First-Principles Calculation of Mg(0001) Thin Films: Quantum Size Effect and Adsorption of Atomic Hydrogen

TL;DR

This study uses first-principles calculations to explore quantum size effects in Mg(0001) thin films, revealing oscillations in surface properties and hydrogen adsorption related to film thickness, consistent with experimental observations.

Contribution

It provides detailed first-principles insights into quantum size effects on surface energy, work function, and hydrogen adsorption in Mg(0001) thin films, linking theory with experimental data.

Findings

Quantum oscillations in surface energy and work function with 8-monolayer period.

Hydrogen adsorption energy exhibits quantum size oscillations.

Theoretical results align with recent experimental observations.

Abstract

We have carried out first-principles calculation of Mg(0001) free-standing thin films to study the oscillatory quantum size effect exhibited in the surface energy, work function, interlayer relaxation, and adsorption energy of the atomic hydrogen adsorbate.

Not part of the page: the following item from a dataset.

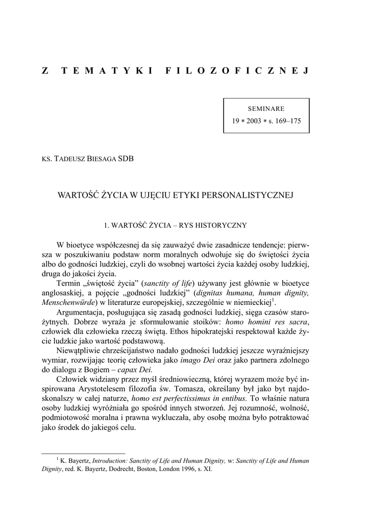 Z T E M A T Y K I F I L O Z O F I C Z N E J SEMINARE 19 * 2003 * s. 169–175 KS. TADEUSZ BIESAGA SDB WARTOŚĆ ŻYCIA W UJĘCIU ETYKI PERSONALISTYCZNEJ 1. WARTOŚĆ ŻYCIA – RYS HISTORYCZNY W bioetyce współczesnej da się zauważyć dwie zasadnicze tendencje: pierwsza w poszukiwaniu podstaw norm moralnych odwołuje się do świętości życia albo do godności ludzkiej, czyli do wsobnej wartości życia każdej osoby ludzkiej, druga do jakości życia. Termin „świętość życia” (sanctity of life) używany jest głównie w bioetyce anglosaskiej, a pojęcie „godności ludzkiej” (dignitas humana, human dignity, Menschenwürde) w literaturze europejskiej, szczególnie w niemieckiej1. Argumentacja, posługująca się zasadą godności ludzkiej, sięga czasów starożytnych. Dobrze wyraża je sformułowanie stoików: homo homini res sacra, człowiek dla człowieka rzeczą świętą. Ethos hipokratejski respektował każde życie ludzkie jako wartość podstawową. Niewątpliwie chrześcijaństwo nadało godności ludzkiej jeszcze wyraźniejszy wymiar, rozwijając teorię człowieka jako imago Dei oraz jako partnera zdolnego do dialogu z Bogiem – capax Dei. Człowiek widziany przez myśl średniowieczną, której wyrazem może być inspirowana Arystotelesem filozofia św. Tomasza, określany był jako byt najdoskonalszy w całej naturze, homo est perfectissimus in entibus. To właśnie natura osoby ludzkiej wyróżniała go spośród innych stworzeń. Jej rozumność, wolność, podmiotowość moralna i prawna wykluczała, aby osobę można było potraktować jako środek do jakiegoś celu. 1 K. Bayertz, Introduction: Sanctity of Life and Human Dignity, w: Sanctity of Life and Human Dignity, red. K. Bayertz, Dodrecht, Boston, London 1996, s. XI. 170 TADEUSZ BIESAGA Już pod koniec średniowiecza Wilhelm Ockham wielkość człowieka zaczął wiązać z wolnością przeciwstawioną naturze2. Mimo zakwestionowania przez filozofię nowożytną i współczesną pojęcia natury ludzkiej jako podstawy moralności, pojęcie osoby i godności ludzkiej u podstaw moralności pozostało, a może nawet zostało mocniej uwypuklone. Przykładem jest filozofia moralności I. Kanta. Nadał on pojęciu godności ludzkiej treść niezależną od teologicznej czy filozoficznej interpretacji chrześcijańskiej. Została ona przeformułowana w kategoriach rozumu sekularystycznego3. Człowiek ma godność ponieważ uczestniczy w rozumności i autonomii właściwej tego rodzaju istotom. Sekularyzacja tego terminu nie pozbawiła go – zdaniem Kurta Bayertza – jego autorytetu. Wprost przeciwnie, godność ludzka w duchu filozofii nowożytnej i współczesnej została wprowadzona do konstytucji najbardziej rozwiniętych krajów. Przybrała formę prawną i instytucjonalną. Jej filozoficzny wymiar został rozszerzony przez społeczno-polityczne zastosowanie tego terminu. Pojęcie godności ludzkiej stało się bastionem, twierdzą, obroną przed zakusami nadużyć nowożytnego państwa, samowładnego Lewiatana4. „I dziś nie ma już wątpliwości – wyraża swą opinię Kurt Bayertz – że ochrona życia ludzkiego jest jednym z największych priorytetów współczesnego Państwa. Jest ona nie tylko jednym z największych osiągnięć współczesnej filozofii polityki, ale znajduje się poza możliwością prawnego zakwestionowania”5. Zasada godności ludzkiej weszła w XX w. do konstytucji wielu narodów. Jest ona obecna w europejskich kartach etycznych, w deklaracjach praw człowieka, w różnych konwencjach i dokumentach. „Dzisiaj jest ona ważną częścią Konstytucji wielu krajów, włączając Kanadę, Irlandię, Włochy, Szwecję, Portugalię, Hiszpanię, Grecję i Niemcy. W Stanach Zjednoczonych pojęcie ludzkiej godności jest używane przez Sąd Najwyższy w związku z 1-szą, 4-tą, 5-tą, 6-tą, 8-ą i 14-ta poprawką do Konstytucji”6. Godność jest podstawowym pojęciem w Deklaracji Praw Człowieka Narodów Zjednoczonych z 10 grudnia 1948 r. Współczesna Konwencja o Prawach Człowieka i Bioemedycynie z 16 listopada 1996 r., zatytułowana jest: „Europejska Konwencja o prawach człowieka i godności istoty ludzkiej wobec zastosowań biologii i medycyny” Artykuł 1 tej konwencji brzmi: „Strony niniejszej Konwencji chronią godność i tożsamość istoty ludzkiej i gwarantują każdemu, bez dyskryminacji, poszanowanie dla jego integralności oraz innych podstawowych praw i wolności w sferze zastosowań biologii i medycy2 S. T. Pinckaers OP, Źródła moralności chrześcijańskiej, tłum. A. Kuryś, rozdz. X, Poznań 1994, s. 227 n.; zob. Zagadnienie godności człowieka, red. J. Czerkawski, Lublin 1994. 3 Tamże, s. XIV. 4 K. Bayertz, Human Dignity: Philosophical Origin and Scientific Erosion of an Idea, w: Sanctity of Life…, s. 80. 5 K. Bayertz, Introduction, w: Sanctity of Life…, s. XIV. 6 Tamże, s. XIX. WARTOŚĆ ŻYCIA W ETYCE PERSONALISTYCZNEJ 171 ny”. Czyli godność, tożsamość, integralność istoty ludzkiej stawiane są na początku jako pierwotne i podstawowe kryteria oceny zastosowania biologii i medycyny. Kryteria te wymieniane są przed autonomią, sprawiedliwością, a tym bardziej przed jakością życia czy rachunkiem ekonomicznym. Podsumowując można powiedzieć, że godność ludzka stała się podstawowym i uniwersalnym odniesieniem współczesnej moralności, stosunków międzyludzkich, społecznych i międzynarodowych. 2. WARTOŚĆ A JAKOŚĆ ŻYCIA W dzisiejszej bioetyce czy etyce lekarskiej coraz bardziej dochodzi do konfrontacji ze sobą zasady wartości życia z zasadą jakości życia. Na podstawie różnego stanu organizmu człowieka w okresie prenatalnym, czy postanalnym ocenia się czyje życie jest właściwe, a czyje niewłaściwe (wrongful life), czyje jest warte, a czyje nie warte życia. Obserwując te dwie tendencje przy formułowaniu polskiego Kodeksu etycznego, J. Umiastowski stwierdza: „Sądzę, że każdy lekarz musi odp
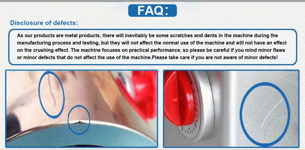 4, clean sanitation, work laid the dust, using food grade silicone seals, crushing material without loss, crushing chamber adopts food grade stainless steel drawing process, wall using high gloss polishing technology, smooth and easy to clean; crushing different drugs never string color and odor; grinding groove and blades are made of stainless steel, meet avoid iron in many Chinese herbs requirements.

The quantum well states have been shown. The calculated energetics and interlayer relaxation of clean and H-adsorbed Mg films are clearly featured by quantum oscillations as a function of the thickness of the film, with oscillation period of about 8 monolayers, consistent with recent experiments. The calculated quantum size effect in H adsorption can be verified by observing the dependence of H coverage on the thickness of Mg(0001) thin films gown on Si(111) or W(110) substrate which has been experimentally accessible.